Records for this exercise:
==============================

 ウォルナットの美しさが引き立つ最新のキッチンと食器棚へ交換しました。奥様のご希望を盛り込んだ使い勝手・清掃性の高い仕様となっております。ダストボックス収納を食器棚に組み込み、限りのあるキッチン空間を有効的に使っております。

==============================

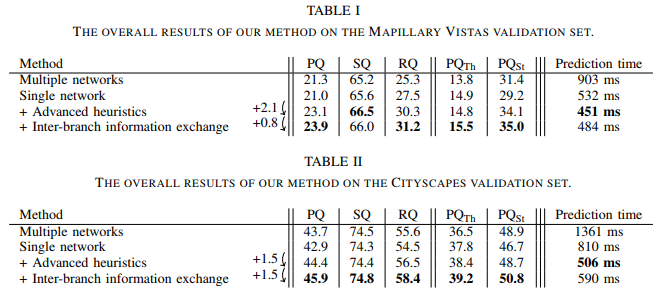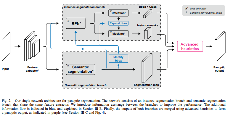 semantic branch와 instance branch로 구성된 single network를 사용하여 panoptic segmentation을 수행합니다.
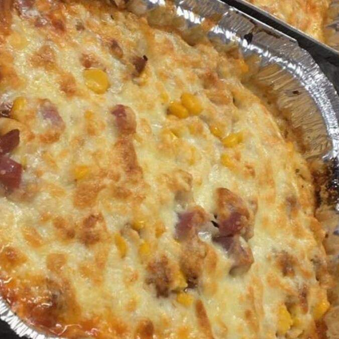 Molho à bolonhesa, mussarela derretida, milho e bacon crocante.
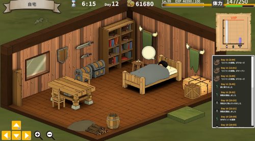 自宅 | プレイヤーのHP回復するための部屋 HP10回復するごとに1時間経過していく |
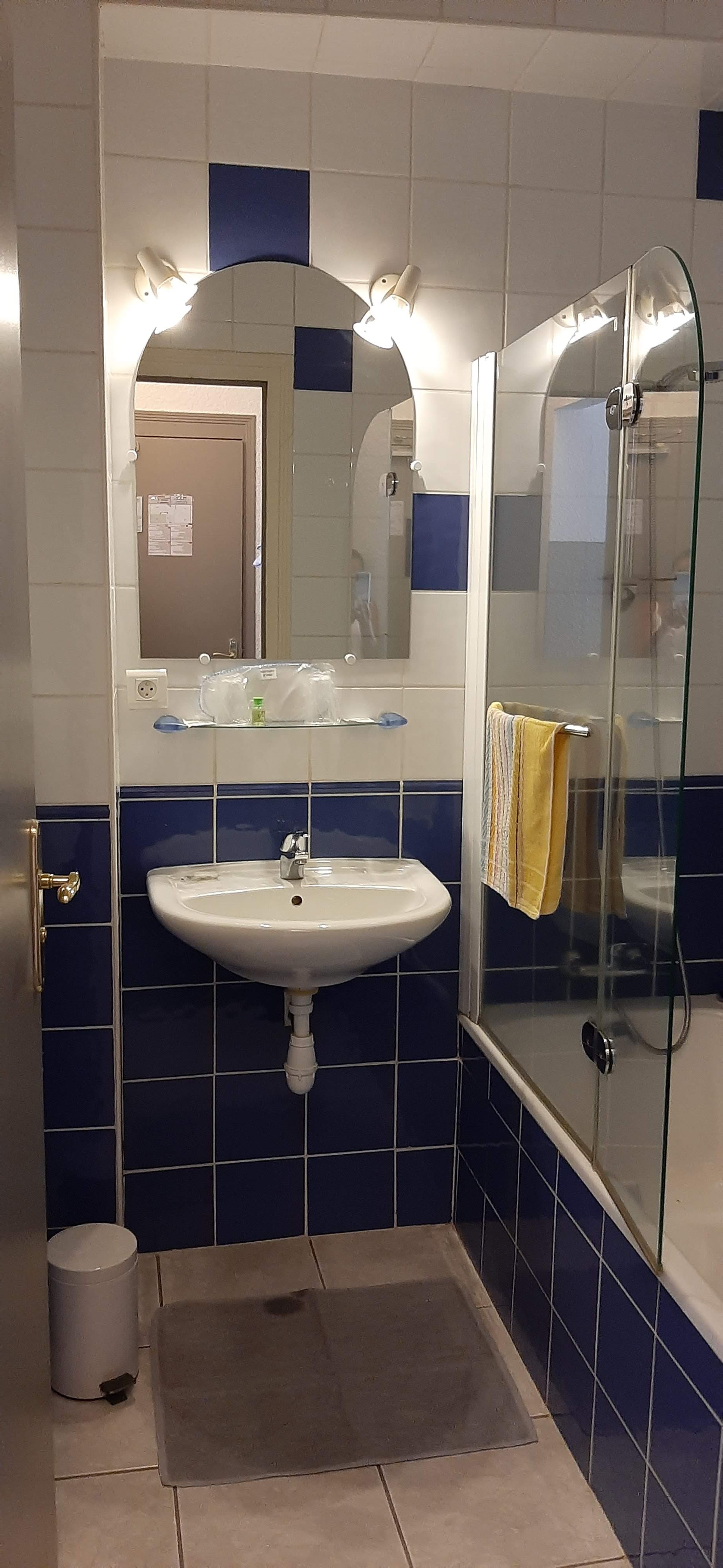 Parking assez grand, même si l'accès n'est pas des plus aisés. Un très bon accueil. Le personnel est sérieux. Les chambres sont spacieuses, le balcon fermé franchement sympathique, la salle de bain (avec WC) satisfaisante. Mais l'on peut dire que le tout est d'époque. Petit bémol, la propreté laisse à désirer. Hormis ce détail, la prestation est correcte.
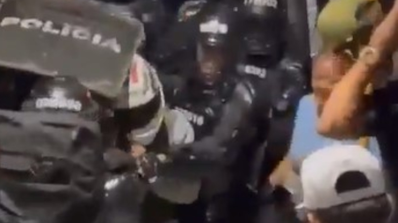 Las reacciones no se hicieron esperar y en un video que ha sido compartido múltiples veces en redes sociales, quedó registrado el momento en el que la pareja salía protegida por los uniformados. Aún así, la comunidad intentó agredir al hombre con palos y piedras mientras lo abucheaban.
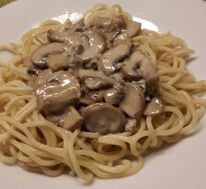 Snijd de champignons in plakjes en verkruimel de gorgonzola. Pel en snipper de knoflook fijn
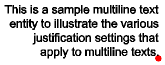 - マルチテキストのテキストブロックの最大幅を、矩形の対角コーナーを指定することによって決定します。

==============================

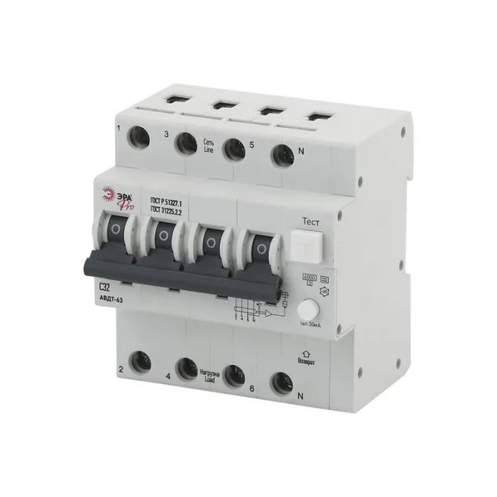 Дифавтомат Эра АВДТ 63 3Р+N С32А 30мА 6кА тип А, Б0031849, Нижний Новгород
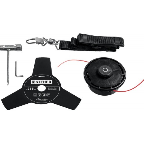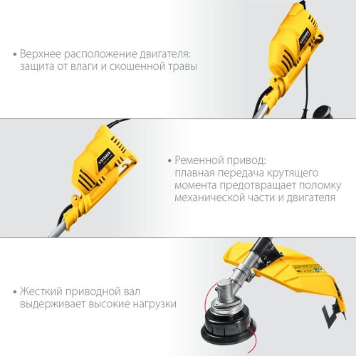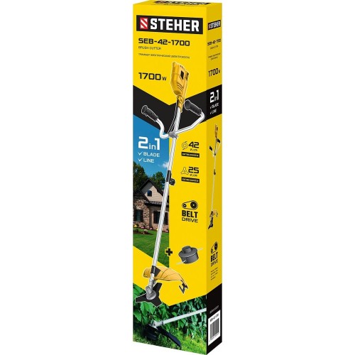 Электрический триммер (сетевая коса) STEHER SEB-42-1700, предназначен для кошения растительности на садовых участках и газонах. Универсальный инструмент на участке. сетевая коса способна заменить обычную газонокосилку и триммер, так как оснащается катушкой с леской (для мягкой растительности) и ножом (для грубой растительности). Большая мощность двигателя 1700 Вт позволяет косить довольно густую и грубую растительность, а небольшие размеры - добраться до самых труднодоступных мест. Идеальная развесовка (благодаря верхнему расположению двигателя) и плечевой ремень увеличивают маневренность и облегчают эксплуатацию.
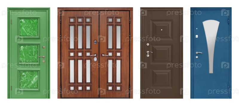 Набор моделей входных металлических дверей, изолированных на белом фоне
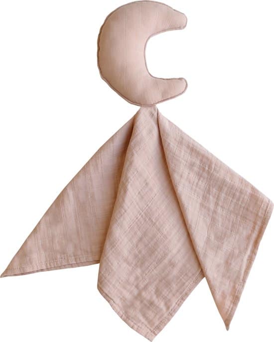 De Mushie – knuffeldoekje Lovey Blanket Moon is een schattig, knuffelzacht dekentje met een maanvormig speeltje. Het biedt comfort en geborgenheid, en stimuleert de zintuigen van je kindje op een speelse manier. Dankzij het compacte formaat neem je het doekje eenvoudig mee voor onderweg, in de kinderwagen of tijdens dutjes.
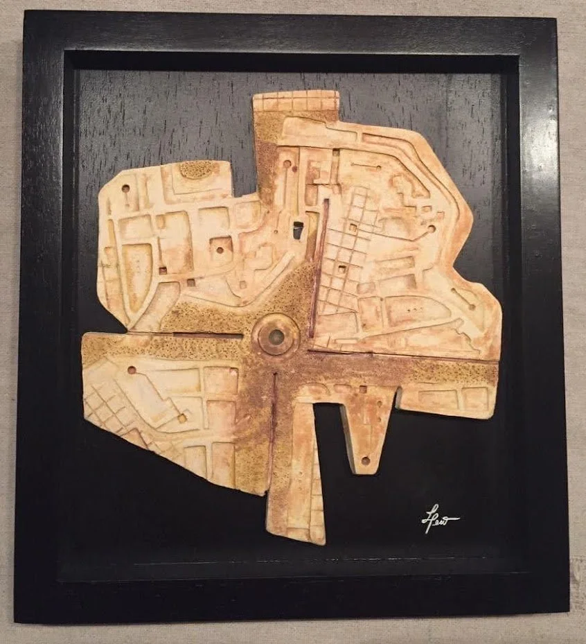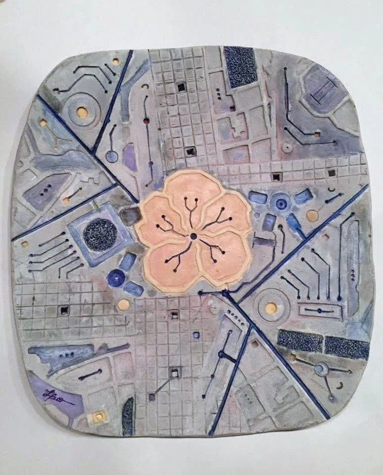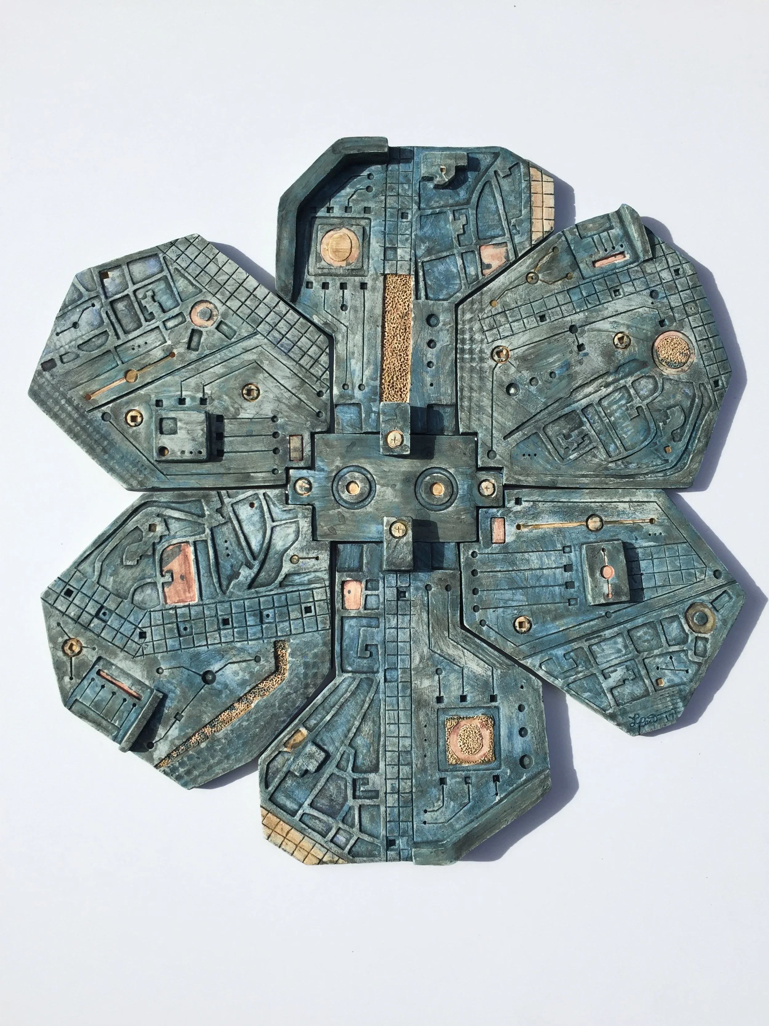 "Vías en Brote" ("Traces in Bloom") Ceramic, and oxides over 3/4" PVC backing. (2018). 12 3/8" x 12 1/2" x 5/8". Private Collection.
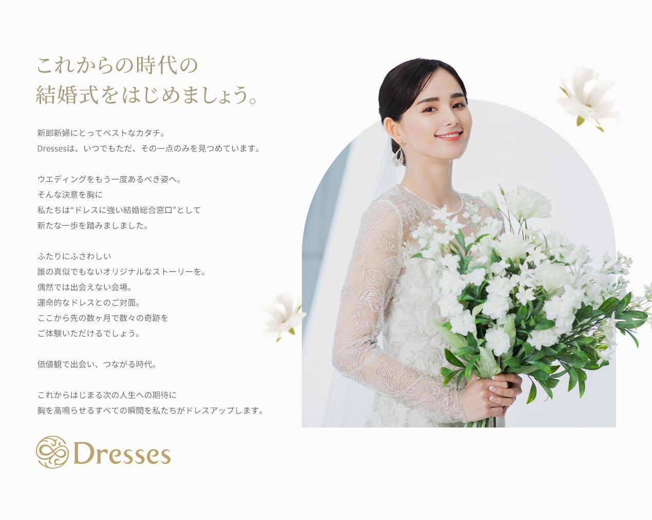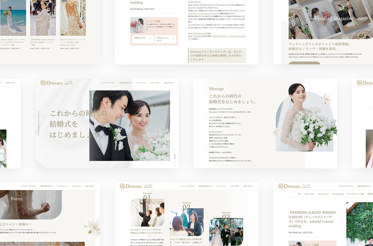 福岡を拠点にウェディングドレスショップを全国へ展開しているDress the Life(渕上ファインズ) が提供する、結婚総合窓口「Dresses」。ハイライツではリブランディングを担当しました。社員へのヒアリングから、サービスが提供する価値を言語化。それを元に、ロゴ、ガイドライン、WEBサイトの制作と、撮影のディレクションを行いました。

==============================

Work item: Give back the exact lines above, running from the one that has "Набор моделей входных" through the one that has "福岡を拠点にウェディングドレスショップを全国へ展開しているDress the Life(渕上ファインズ)", with nothing added and no pictures.

Response box:
 Набор моделей входных металлических дверей, изолированных на белом фоне
 De Mushie – knuffeldoekje Lovey Blanket Moon is een schattig, knuffelzacht dekentje met een maanvormig speeltje. Het biedt comfort en geborgenheid, en stimuleert de zintuigen van je kindje op een speelse manier. Dankzij het compacte formaat neem je het doekje eenvoudig mee voor onderweg, in de kinderwagen of tijdens dutjes.
 "Vías en Brote" ("Traces in Bloom") Ceramic, and oxides over 3/4" PVC backing. (2018). 12 3/8" x 12 1/2" x 5/8". Private Collection.
 福岡を拠点にウェディングドレスショップを全国へ展開しているDress the Life(渕上ファインズ) が提供する、結婚総合窓口「Dresses」。ハイライツではリブランディングを担当しました。社員へのヒアリングから、サービスが提供する価値を言語化。それを元に、ロゴ、ガイドライン、WEBサイトの制作と、撮影のディレクションを行いました。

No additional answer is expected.